Ok, I’m gonna come clean and say it outright that there is nothing called as 100% automated testing and since we don’t create software/apps for bots, manual testing is 100% necessary. Yes, all the Selenium and Coded UI guys are going to rain down on me with pointed fingers and buzzwords such as time-consuming, more investment on resources etc. Don’t hate me for it but here is my take on things.
We want to test our Apps / Software / Websites super quickly. Now how to get that done? “Let’s create an automated test” is the first thing that will come to mind. The top level executive will now have visions of the industrialisation of testing similar to those early cabinet factories. I don’t think that skilled cognitive work is factory work. That’s why it’s more important than ever to understand what testing is and how tools can support it.

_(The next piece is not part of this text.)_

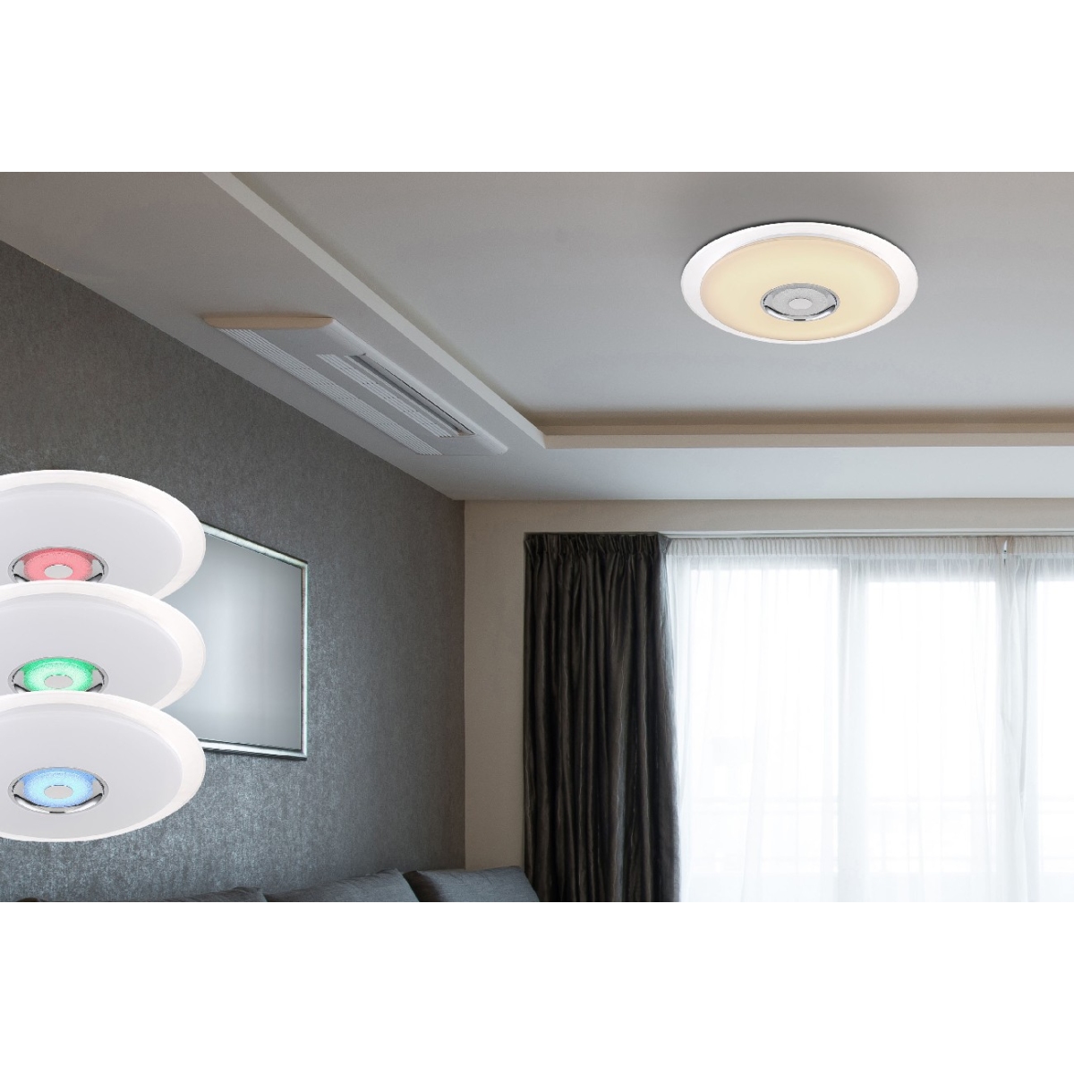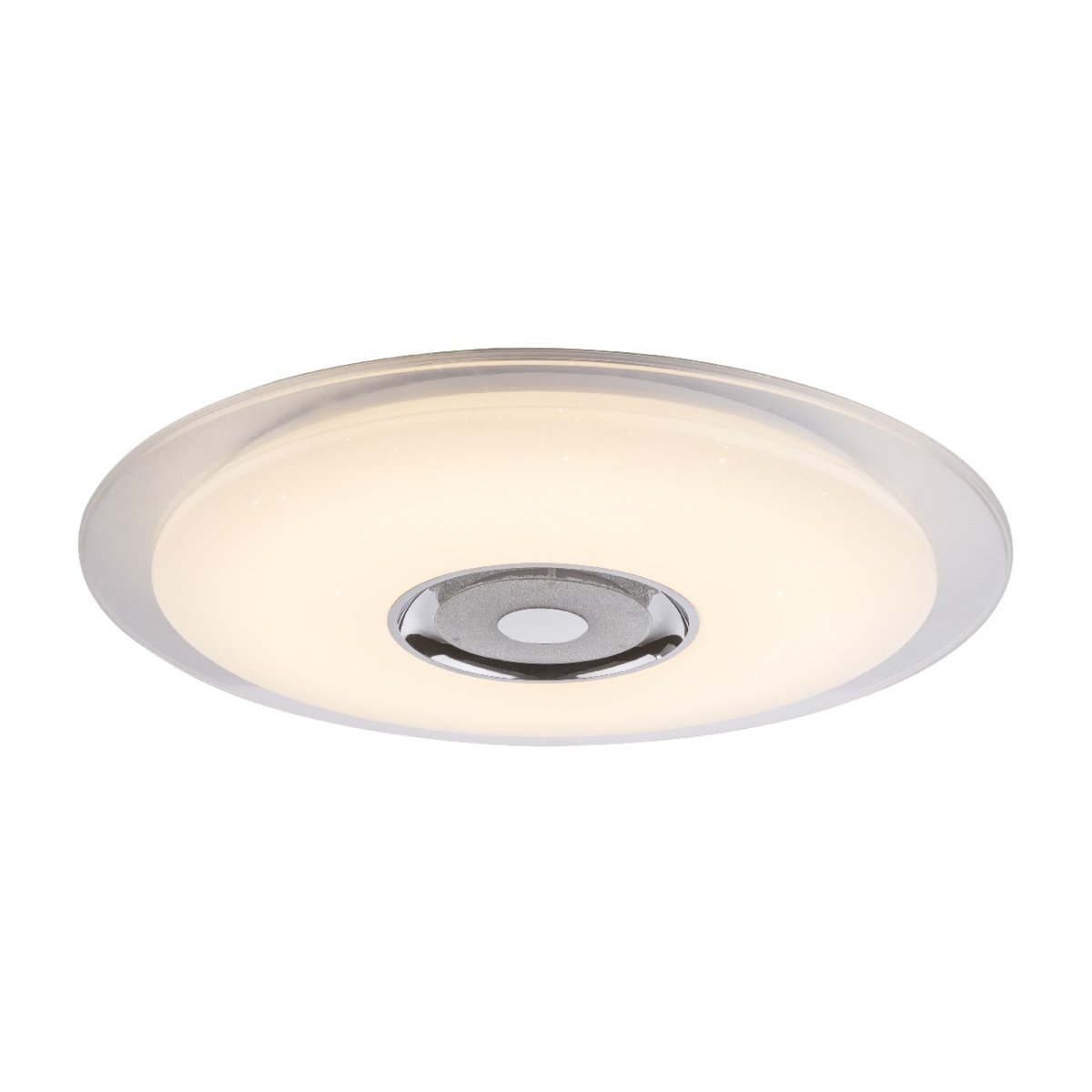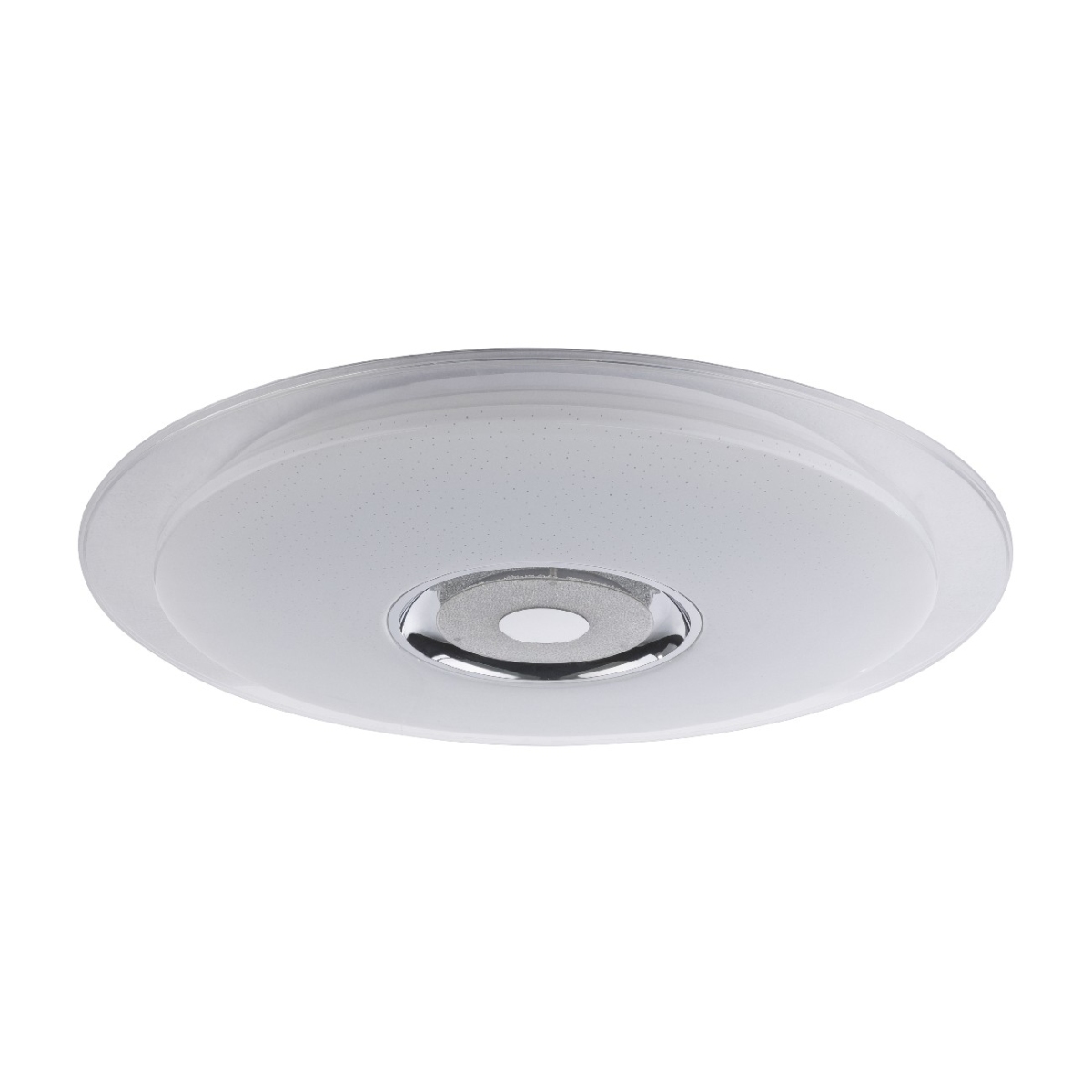 Visokokvalitetni K5 kristali i diskretan sparkle dekor na opalnom akrilnom staklu čine da ova plafonska lampa blista. Sa svojim prečnikom od 60 centimetara, on dolazi na svoje u velikim prostorijama. Iznad svega, podesite svetlo nizom fascinantnih dodatnih funkcija. Opremljena je moćnim zvučnikom koji reprodukuje muziku sa pametnog telefona putem Bluetooth veze. Uz posebno razvijenu aplikaciju, svetlosna boja i jačina svetla takođe se mogu kontrolisati sa pametnog telefona. Moćni RGBW LED-i mogu da reprodukuju sve spektralne boje i takođe proizvode belu svetlost različitog intenziteta i temperature boje. Lampa se isporučuje sa daljinskim upravljačem, koji ispunjava čitav spektar funkcija aplikacije za pametne telefone.

To understand this let me first explain Testing and Checking
Test (an instance of Testing) is when you evaluate a project by learning about it. To learn about the project you will need to explore and play with it (my term for experimenting).

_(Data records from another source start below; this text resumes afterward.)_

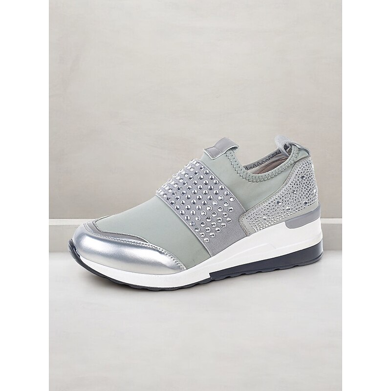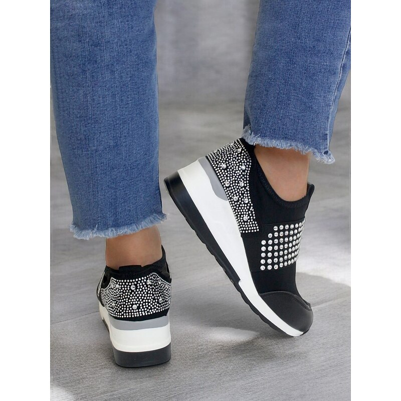 More information about Women's Rhinestone Slip-On Platform Sneakers – sophisticated Casual Shoes with Studded Embellishments and snug Wedge Heel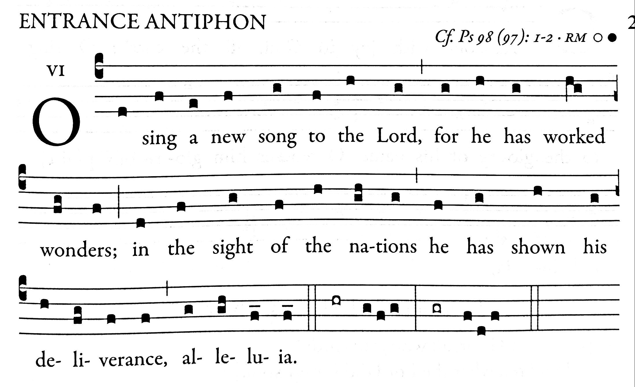 Click to hear Introit (English antiphon – English verse – Latin antiphon, verse, Gloria patri)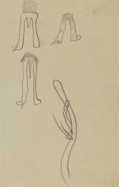 Curator: Immediately, I see a rather ghostly fleet adrift in the off-white sea of the page. Editor: Well, ghostly seems about right, doesn’t it? We're looking at Willem Bastiaan Tholen's "Zeilschepen en figuren in een roeiboot," a sketch dating from the early 20th century, held here at the Rijksmuseum. It appears to be executed in pencil, a quick study of sailing ships and figures. Curator: There’s an almost dreamlike quality here, the bare minimum required to conjure boats and figures, so rudimentary they become universal, recalling ancient trade routes and the symbolic weight of maritime voyages across time. Editor: Observe how Tholen’s swift, sure hand renders the sails as planes of stark white, framed by lines implying shape and shadow, their geometric forms hinting at something just beyond representation. Note that the perspective feels deliberately skewed. It isn't quite the "correct" rendering of the subject, but a rapid study, exploring shapes more than realism. Curator: The repetition lends itself to contemplation on memory and longing. The act of sketching something several times almost feels like trying to capture a fading memory, trying to solidify these transient experiences, doesn’t it? Like archaeology on a single page, each sketch becomes a layer, uncovering and re-interpreting the essence of the subject. Editor: It is tempting to view these types of sketches romantically, but for a moment let's set aside those implications and just examine them as abstract compositions on a page. Each impression has a graphic weight, a balance between dark and light. Curator: Yes, a balancing act that allows each little boat to carry such substantial symbolic cargo: dreams, voyages, journeys into the unknown… a very personal lexicon the artist has allowed us to view. Editor: Ultimately, Tholen provides just enough information for our minds to fill the blanks, the bare minimum needed to create a rather complete image in the imagination. Curator: So, we become participants, not just viewers. I appreciate being invited on such a journey. Editor: Indeed, it is as much our work as it is Tholen’s at this point.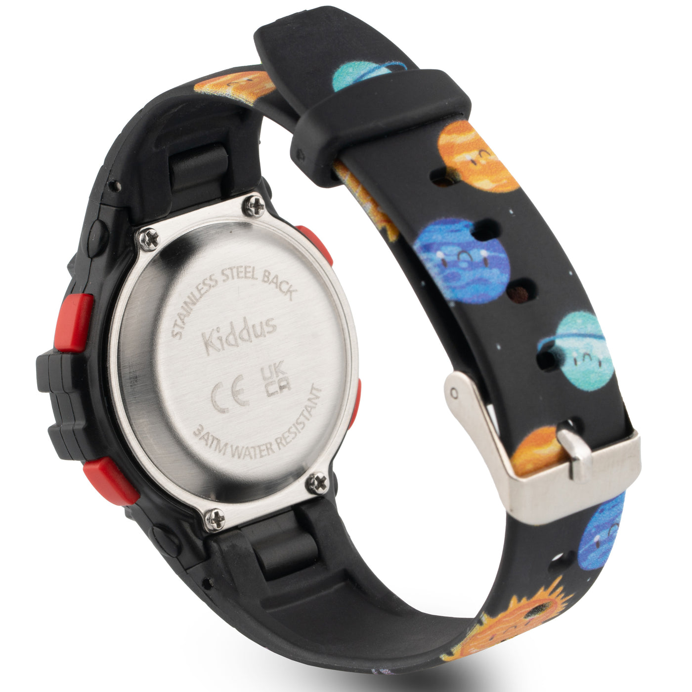 - FIABLE y SEGURO: Carcasa trasera y hebilla en acero inoxidable y sin níquel. Carcasa fabricada en ABS, un material termoplástico muy resistente a prueba de impactos. Correa fabricada en Poliuretano (PU), flexible y duradera. El tipo de batería es L1131F. Pila alcalina de larga duración, sin mercurio y fácil de reemplazar. Este es un reloj a prueba de niños y libre de componentes tóxicos.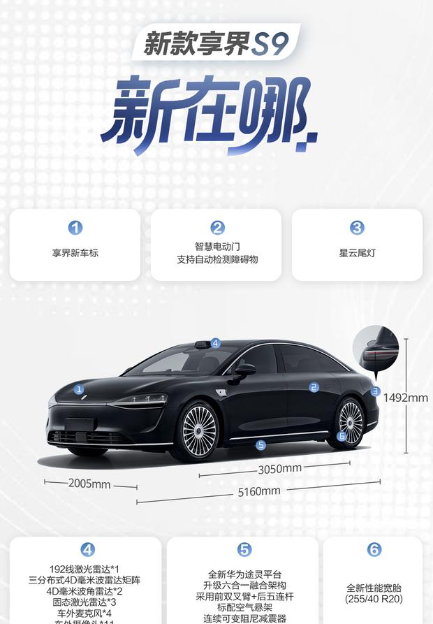 在智能驾驶系统方面,新车搭载36个高精度传感器,标配四激光雷达系统,前向感知升级为3分布式毫米波雷达矩阵。同时首次配备车外麦克风,并搭载华为乾崑智驾ADS 4系统,显著提升辅助驾驶与主动安全性能。

A check (instance of Checking) is when evaluations are made by applying specific decision rules to the observed module of the project
Therefore testing encompasses checking, whereas checking cannot encompass testing. Now checking can be performed by a tool instead of a human, but testing can only be supported by tools. I am not saying that a check has to be automated, but having said that you can completely automate a check but a test would require human intervention. Let’s think of testing as an open-ended investigation whereas checking focuses on specific facts and rules related to those facts.
One common problem in the testing field is that checking is often confused with testing. Unlike a check, a test involves tacit and inference deducing knowledge (Sherlock much).

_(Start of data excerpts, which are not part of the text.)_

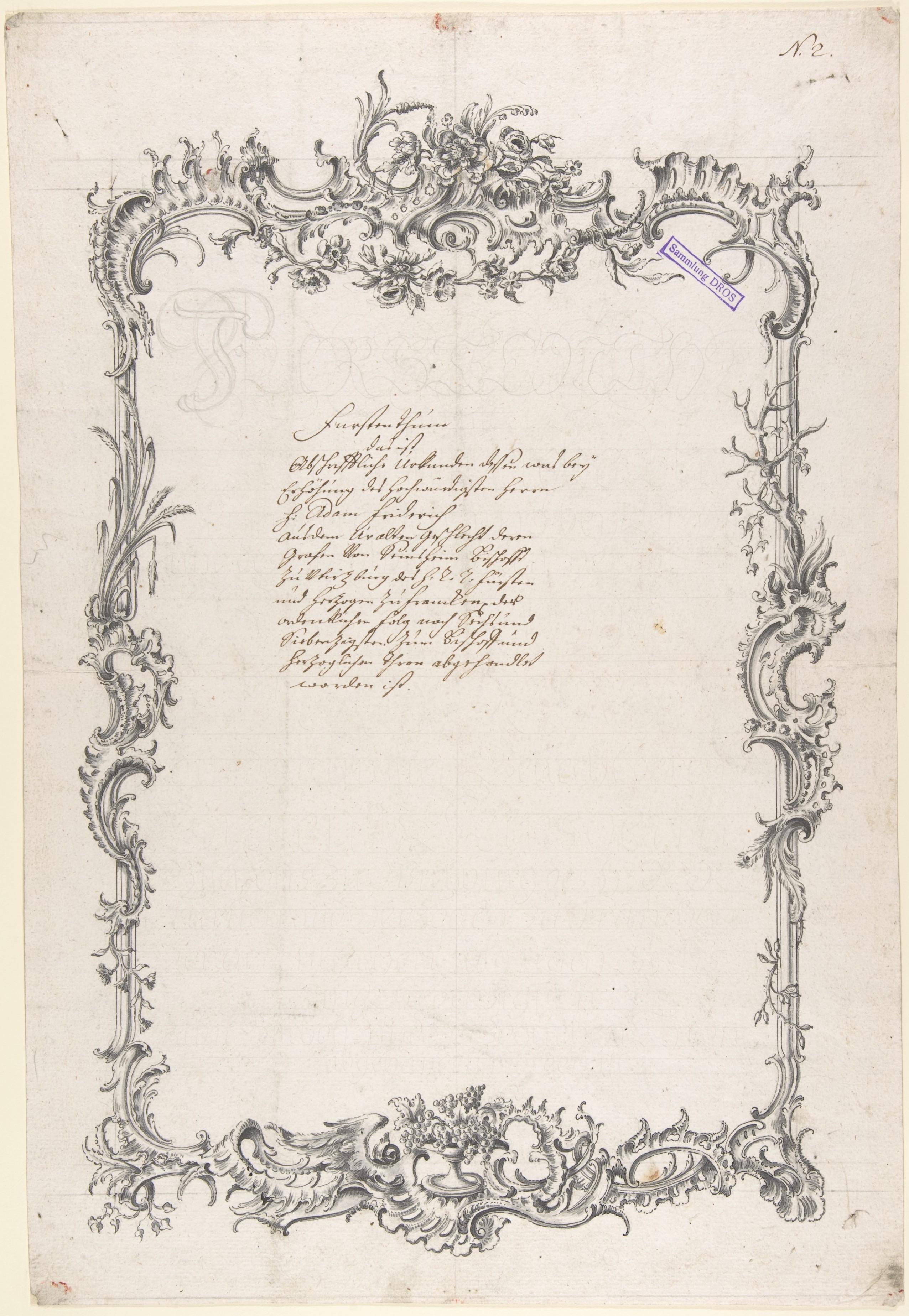 Johan Oktavien Salvert (fl. 1732-88), design for a Rococo frame, 1750-88, black chalk, ink, wash, incised, 47 x 34.8 cm., Metropolitan Museum, New York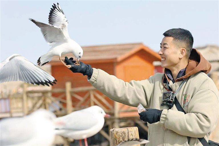 游客与水鸟互动。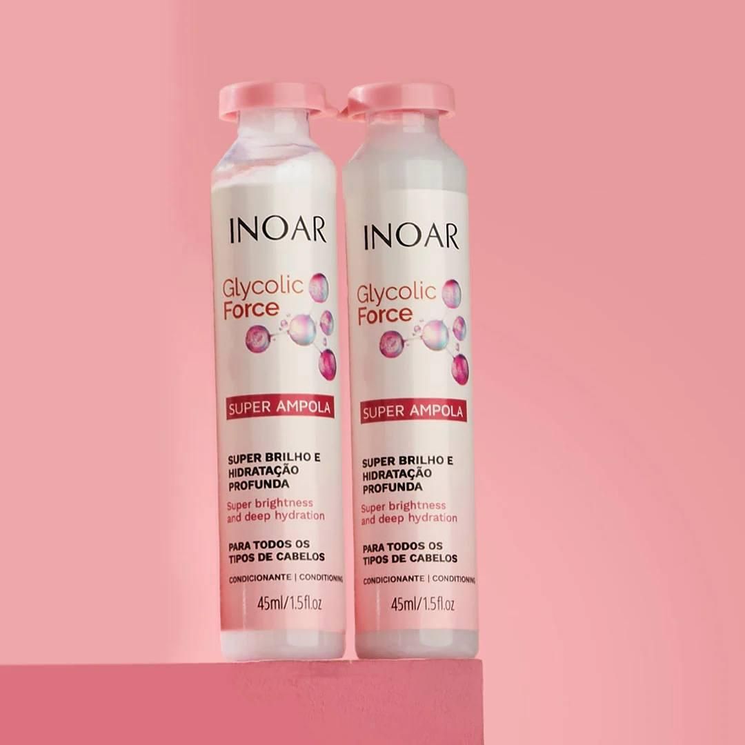 INOAR Glycolic Force — ампула для интенсивного восстановления волос после окрашивания, осветления, термовоздействия и стилизации; подходит для всех типов, включая пористые и истонченные, можно использовать как экспресс-уход между процедурами.

Let’s give a human (For the sake of this thought experiment I will call him Ted) a series of tasks to do to achieve an outcome. Now make the outcome incredibly impossible to achieve using the set series of task. (You can ask Ted to pick an egg, drop it on the floor without breaking it). Ted will not just sit there and die of hunger and thirst waiting to reach the outcome. Ted will stop and change the steps a little to get the outcome or just give up and go about his daily tasks. And that’s when you know for sure that Ted is human and all along was just pretending to be in the process he agreed to follow and tried to follow. Humans are constantly interpreting and adjusting their actions like Ted could have boiled that egg before dropping it which wasn’t specified in the set of tasks assigned to him – Could a tool do that?. This is inevitable. Whatever procedure Ted appeared to be following, he can do something else too.
Humans perform motivated actions which mean they observe, think and infer, often with underlying goals; tools on the other hand, can only exhibit programmed behaviour. The bottom line is: you can define a check easily enough through scripts in automated tests, but a human will do at least a little more or less during that check, unlike the programmed tool.
Please understand, an extensive role for tools in testing must be embraced as we work toward a future of powerful and efficient. Tools can help us in many ways far beyond the automation of checks. But having said that they are only for support for skilled human testers and can be a disaster in the hands of an unskilled tester.